Government’s Return on Investment

Is it ever OK to say “I spent more on that, so I am in compliance.” Is spending more money the only way to demonstrate “success?”

I say this is the opposite of success. Are we going to allow school districts to shrug off poor results by spending more.

I really don’t understand the critics of California’s Local Control Funding Formula’s proposed regulations.  The regulations allow you to:

1.  Spend more (spend more money on students who need extra help), or

2.  Provide more (provide more services to students who need extra help), or

3.  Improve more (actually improve outcomes for students who need extra help)

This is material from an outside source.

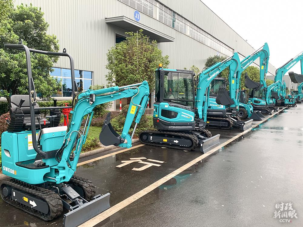 △這是不同型號(hào)的微型挖掘機(jī),特點(diǎn)是動(dòng)臂可偏轉(zhuǎn),底盤(pán)可伸縮,適合城市改造、農(nóng)田水利等小規(guī)模項(xiàng)目。(總臺(tái)央視記者章猛拍攝)

It is the third option that is giving fits to some student advocates. As reported in the Mercury News

The executive director of Education Trust-West said the civil rights coalition supports combining the first two options and eliminating the third.”We think that’s the most rational way for them to actually comply with the law,” he said. “That would be providing for and spending more on high need students.”

What?  Actually improving outcomes (whether or not you spent more money) is not OK?  I think it is a huge concession to allow the first two options at all.  Shouldn’t we insist on results?

Uncomfortably, I now sound like a ranting right-winger. However, as a taxpayer I want a return on my investment. It is a meaningless tautology to say that the measure of success of dollars invested is the number of the dollars invested.

Can a school district that continues to fail its most vulnerable students be given a pass just because it spends more money on them, or provides more services to them?

Photo Credit

Photo Credit

I don’t want to be regarded as an ineffective person with good intentions just trying my best.  That would never be tolerated in private industry.